[[ DATA RECORDS open ]]
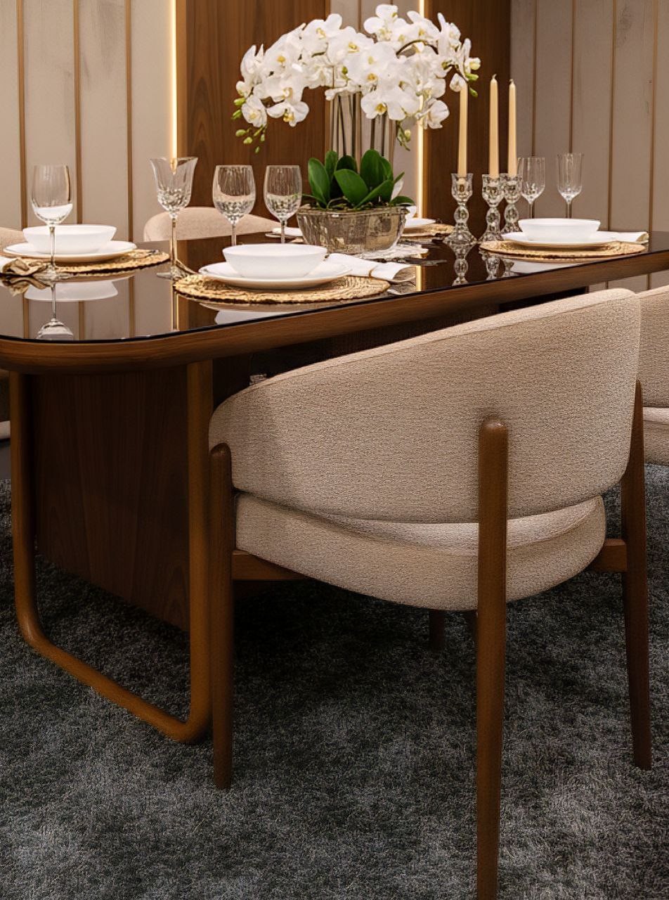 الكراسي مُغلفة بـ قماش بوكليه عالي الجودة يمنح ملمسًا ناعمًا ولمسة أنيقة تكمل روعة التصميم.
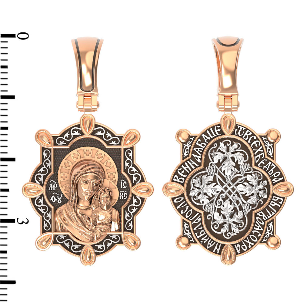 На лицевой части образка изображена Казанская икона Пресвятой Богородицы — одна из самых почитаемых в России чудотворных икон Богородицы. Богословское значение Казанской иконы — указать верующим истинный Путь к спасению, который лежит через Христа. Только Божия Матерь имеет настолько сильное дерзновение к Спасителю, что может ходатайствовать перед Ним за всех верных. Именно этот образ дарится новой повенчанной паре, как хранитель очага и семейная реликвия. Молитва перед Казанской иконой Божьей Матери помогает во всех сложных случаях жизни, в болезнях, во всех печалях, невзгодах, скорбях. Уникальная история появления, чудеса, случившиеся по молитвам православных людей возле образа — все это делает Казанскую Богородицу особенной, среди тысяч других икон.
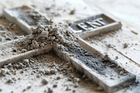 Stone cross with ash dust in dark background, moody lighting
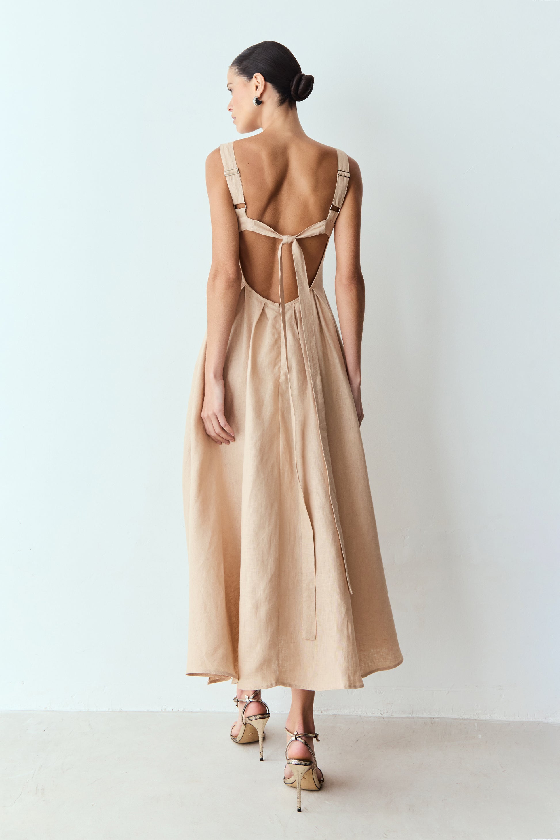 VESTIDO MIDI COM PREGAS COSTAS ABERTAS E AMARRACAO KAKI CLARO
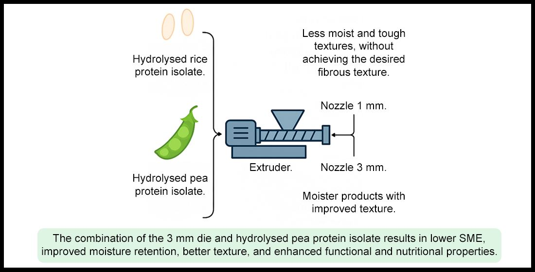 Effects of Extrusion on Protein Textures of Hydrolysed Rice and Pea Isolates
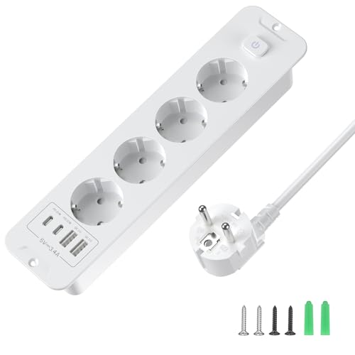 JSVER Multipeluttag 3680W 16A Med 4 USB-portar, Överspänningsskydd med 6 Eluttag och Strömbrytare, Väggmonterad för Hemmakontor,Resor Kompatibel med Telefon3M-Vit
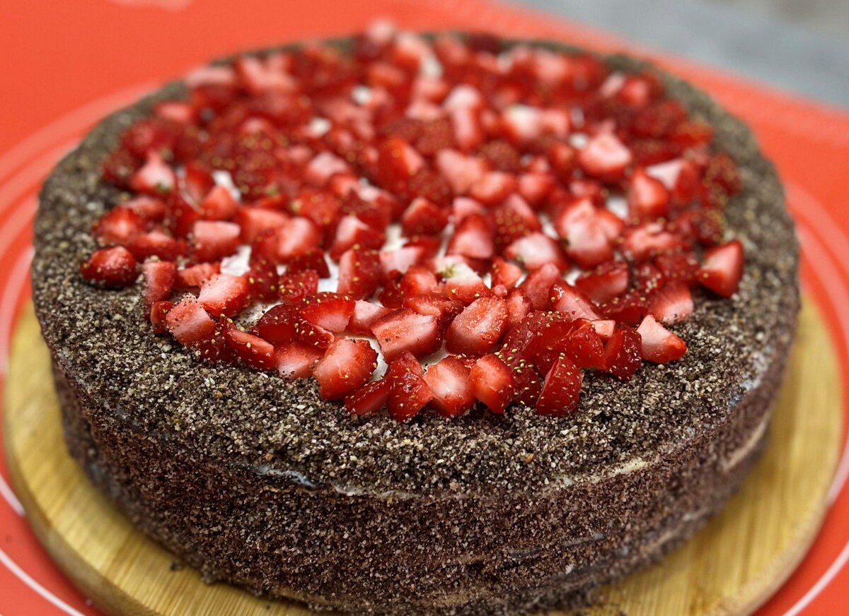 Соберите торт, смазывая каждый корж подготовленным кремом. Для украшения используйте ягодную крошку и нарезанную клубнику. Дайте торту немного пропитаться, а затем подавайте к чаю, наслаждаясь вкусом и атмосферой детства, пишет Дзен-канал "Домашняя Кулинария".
[[ DATA RECORDS closed ]]
WORK INSTRUCTIONS:
Of the lines above, quote exactly those from the one with "На лицевой части образка" through the one with "JSVER Multipeluttag 3680W", ends included; pictures stay out.

ANSWER BOX:
 На лицевой части образка изображена Казанская икона Пресвятой Богородицы — одна из самых почитаемых в России чудотворных икон Богородицы. Богословское значение Казанской иконы — указать верующим истинный Путь к спасению, который лежит через Христа. Только Божия Матерь имеет настолько сильное дерзновение к Спасителю, что может ходатайствовать перед Ним за всех верных. Именно этот образ дарится новой повенчанной паре, как хранитель очага и семейная реликвия. Молитва перед Казанской иконой Божьей Матери помогает во всех сложных случаях жизни, в болезнях, во всех печалях, невзгодах, скорбях. Уникальная история появления, чудеса, случившиеся по молитвам православных людей возле образа — все это делает Казанскую Богородицу особенной, среди тысяч других икон.
 Stone cross with ash dust in dark background, moody lighting
 VESTIDO MIDI COM PREGAS COSTAS ABERTAS E AMARRACAO KAKI CLARO
 Effects of Extrusion on Protein Textures of Hydrolysed Rice and Pea Isolates
 JSVER Multipeluttag 3680W 16A Med 4 USB-portar, Överspänningsskydd med 6 Eluttag och Strömbrytare, Väggmonterad för Hemmakontor,Resor Kompatibel med Telefon3M-Vit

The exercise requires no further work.